As others expand in the UK

“The prospect of there being no flying between the UK and Europe, I don’t agree with at all,” Walsh told a British parliamentary committee, before going onto say: “This would bring all of Europe to a standstill.”

The chief executive of Norwegian, Bjorn Kjos has also said the UK will be at the heart of the airline’s expansion plans – although that is mainly focused on long-haul flights which are governed by Open Skies agreements that will remain intact after Brexit.

Yet the head of Skycop, an organisation that fights for compensation on behalf of passengers, remains unconvinced.

Skycop tells consumers to fight for compensation before it’s too late

“The liberal aviation market we have today is one of the main factors that led to the lucrative development of LCCs such as EasyJet or Ryanair. Both sides will have to come to new agreements and UK carriers are at risk of losing free access to their markets,” explained Marius Stonkus.

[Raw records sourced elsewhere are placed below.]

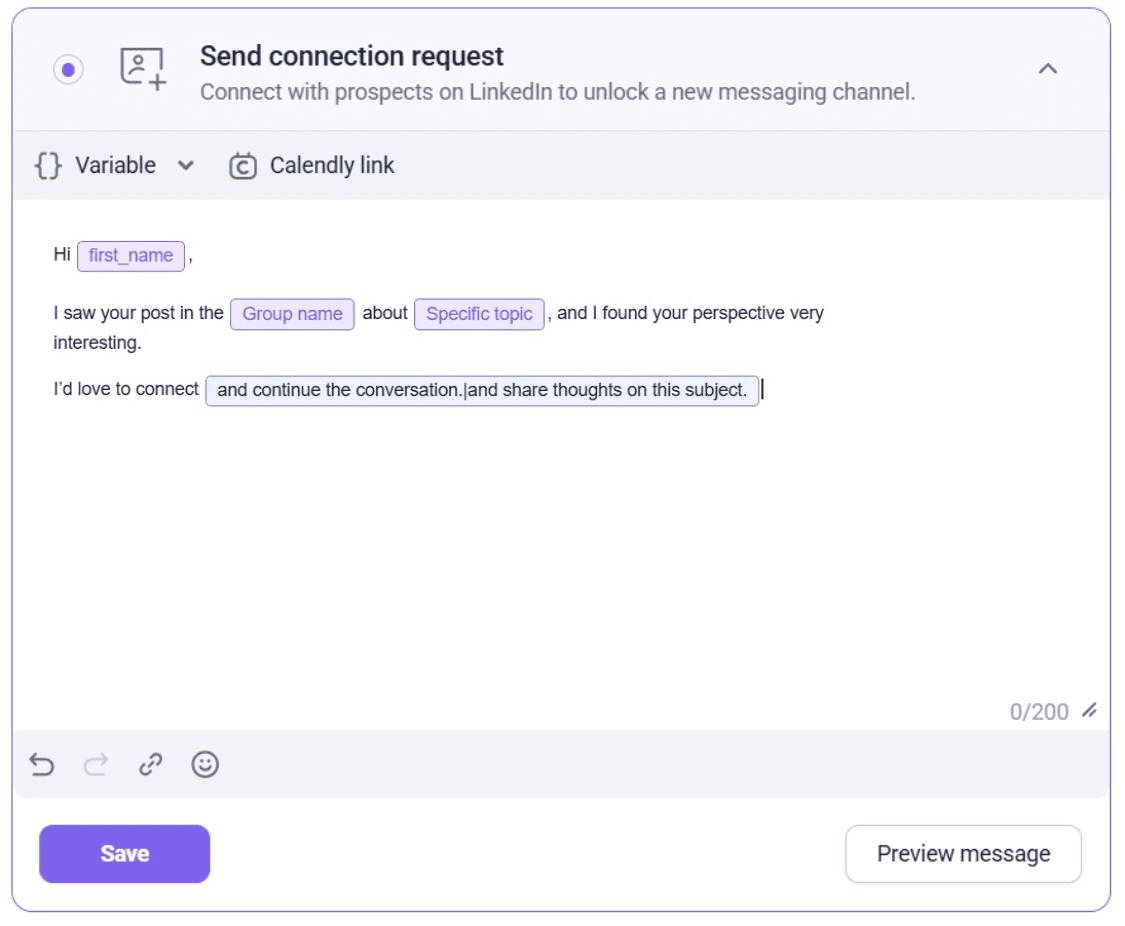 👀 Você sabia? A Snov.io oferece recursos avançados de personalização que permitem que você adapte suas solicitações de conexão, mensagens e InMails em grande escala. Isso pode ser útil se você deseja entrar em contato com membros de grupos do LinkedIn. Caso esse seja seu objetivo, recomendamos adicionar as seguintes opções de personalização de texto em suas mensagens:
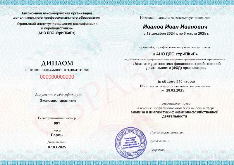 Курс обучения Анализ и диагностика финансово-хозяйственной деятельности (ФХД) организации (340ч)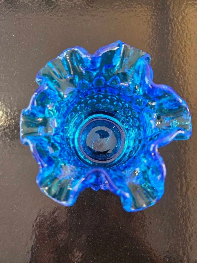 Fenton Blue Ruffled Hobnail Candle Votive/Vase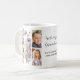 Grandma photo collage coffee mug. Replace the photos with your own and change the text. 4 photo collage. Same photos on both sides of the mug. Pretty wildflower floral in centre of photos. Script and text is in black. Mug is personalized with names.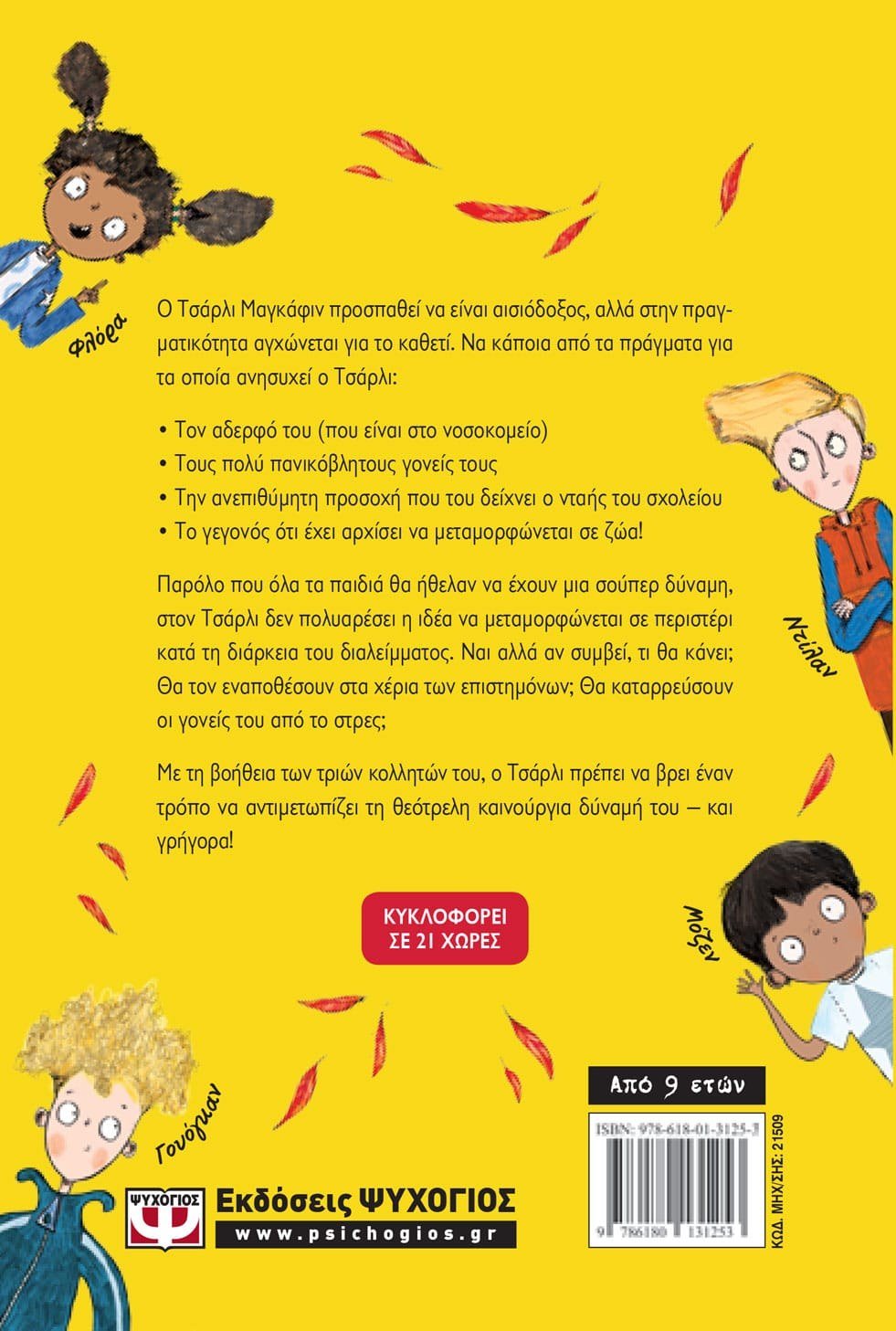 Ο Τσάρλι ΜακΓκάφιν προσπαθεί να είναι αισιόδοξος, αλλά στην πραγματικότητα αγχώνεται για το καθετί. Να κάποια από τα πράγματα για τα οποία ανησυχεί ο Τσάρλι:- τον αδελφό του, που είναι στο νοσοκομείο∙- τους πολύ πανικόβλητους γονείς τους∙- την ανεπιθύμητη προσοχή που του δείχνει ο νταής του σχολείου∙- το γεγονός ότι έχει αρχίσει να μεταμορφώνεται σε διάφορα ζώα!Παρόλο που όλα τα παιδιά θα ήθελαν να έχουν μια σούπερ δύναμη, στον Τσάρλι δεν πολυαρέσει η ιδέα να μεταμορφώνεται σε περιστέρι κατά τη διάρκεια των μαθημάτων. Ναι, αλλά, αν συμβεί, τι θα κάνει; Θα τον παραδώσουν στα χέρια των επιστημόνων; Θα καταρρεύσουν οι γονείς του από το στρες; Με τη βοήθεια των τριών κολλητών του, ο Τσάρλι πρέπει να βρει έναν τρόπο να αντιμετωπίσει τη θεότρελη καινούρια δύναμή του – και γρήγορα!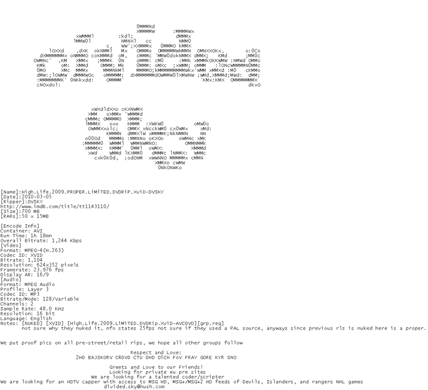 Release Name : High.Life.2009.PROPER.LiMiTED.DVDRiP.XviD-DVSKY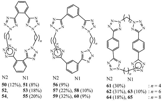 In 2007, Bond et al. described the syntheses of tetra-tetrazole macrocycles, containing two bis-tetrazole units 50–65 linked by a variety of alkyl chain lengths from 4–8 carbons by reacting one equivalent of 1,n-bis(tetrazol-5-yl)benzene and one equivalent of 1,2-, 1,3- or 1,4-[bis(2-(n-bromoalkyl)-tetrazol-5-yl)]benzene in dimethylformamide under nitrogen atmosphere and in the presence of potassium carbonate (Figure 17) [32]. The crystal structures of three of these derivatives were also reported. It was found that the macrocycle conformation is influenced by the length of the alkyl chain linker, the relative orientation of the tetrazole rings on the benzene ring, and by intermolecular interactions.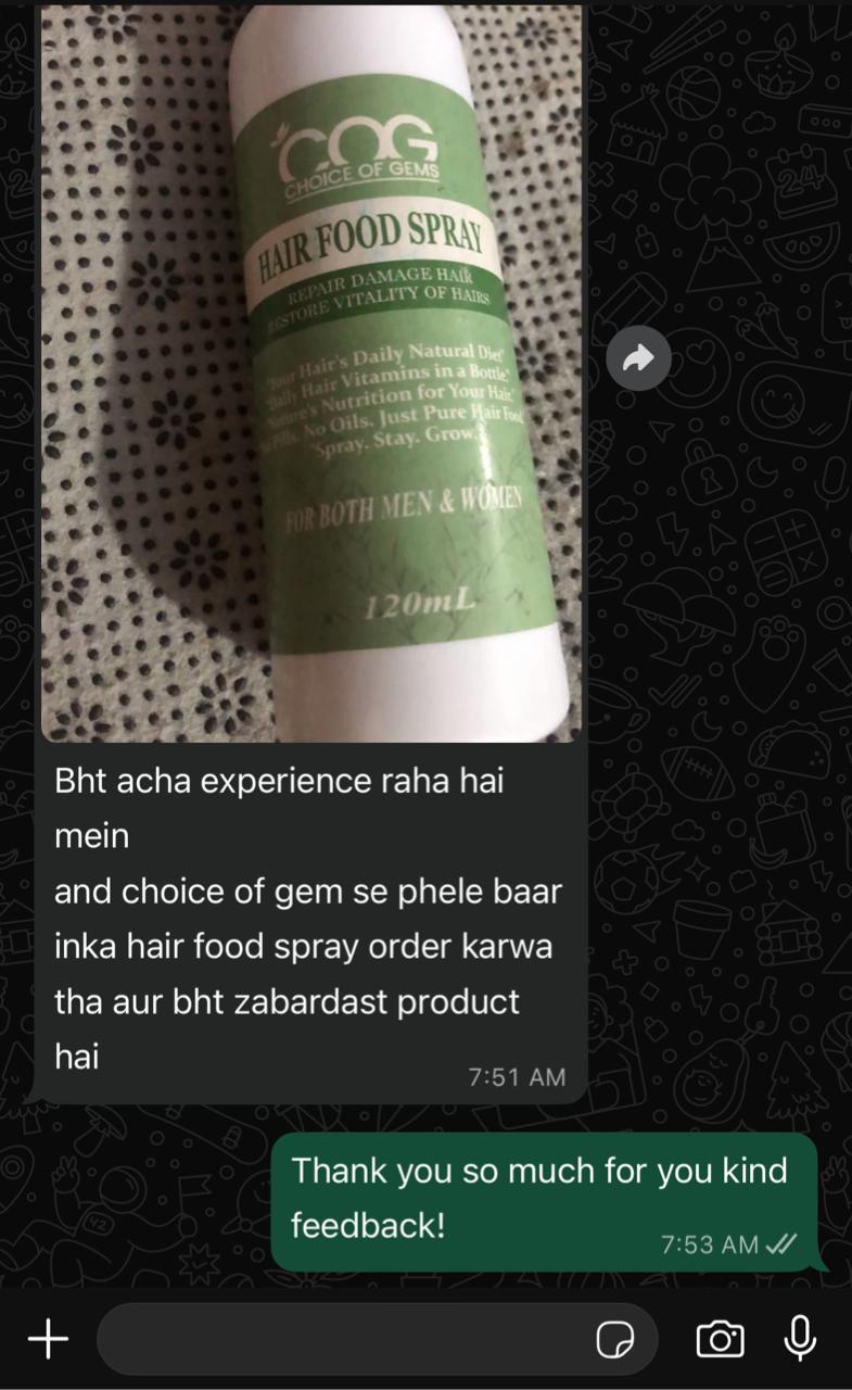 Our Hair Food Spray quality speaks for itself — most of our customers come back to order bundle packs once they see real results. After gaining trust, nobody ever feels the need to return it.

And Stonkus is even more concerned about what protection British consumers will have after Brexit: “It’s not only airlines that should take action before it’s too late. UK citizens have no time left to hesitate over flight compensations and should start fighting for it as soon as possible.”

No plans to introduce similar compensation scheme after Brexit

Skycop estimates that the total compensation bill British consumers are entitled to amounts to £879 million per year – ranging from £221 to £532 for every passenger.  Yet only 5% of claims taken straight to the airline are initially successful – with around £5 billion in incorrectly denied compensation still to be paid out.

Yet this could be the last year British consumers are protected by these generous rules.  So far, we haven’t heard of any concrete plans from British lawmakers to introduce similar rules to those currently enjoyed by UK travellers.

“If the UK government won’t choose to introduce equivalent domestic protections, British flyers might very soon lose the chance to get their money back,” warns Stonkus.

A situation that could see a huge 28% of European passengers suddenly denied compensation.